(ACTIVITY) When the listing below reaches the line that has "ブリックボックス横浜南店様", start reproducing exactly; stop after the line that has "Sashimi Bụng cá ngừ Otoro Sashimi", and drop the pictures.
[DATA PROVIDED Boundary: Start]
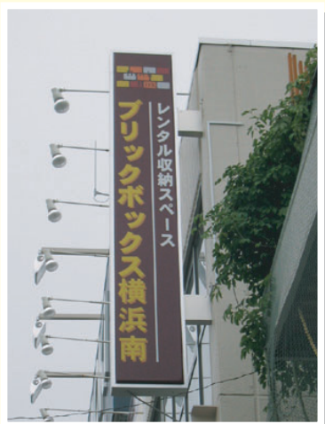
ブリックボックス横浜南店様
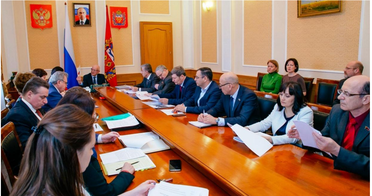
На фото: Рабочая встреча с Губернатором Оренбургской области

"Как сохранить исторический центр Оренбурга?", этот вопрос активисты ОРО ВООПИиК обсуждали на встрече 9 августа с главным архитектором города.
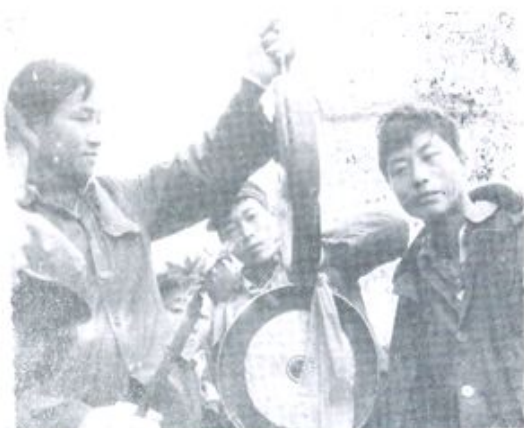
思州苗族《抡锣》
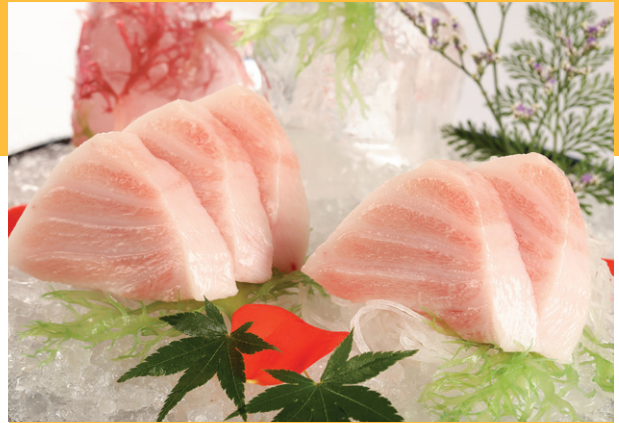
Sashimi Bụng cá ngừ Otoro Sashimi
[DATA PROVIDED Boundary: End]
[DATA PROVIDED Boundary: Start]
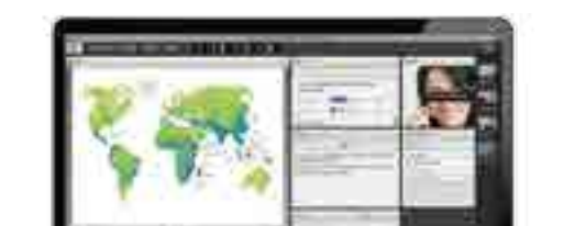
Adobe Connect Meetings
[DATA PROVIDED Boundary: End]
(RESULT FOR THIS EXERCISE)
ブリックボックス横浜南店様
На фото: Рабочая встреча с Губернатором Оренбургской области

"Как сохранить исторический центр Оренбурга?", этот вопрос активисты ОРО ВООПИиК обсуждали на встрече 9 августа с главным архитектором города.
思州苗族《抡锣》
Sashimi Bụng cá ngừ Otoro Sashimi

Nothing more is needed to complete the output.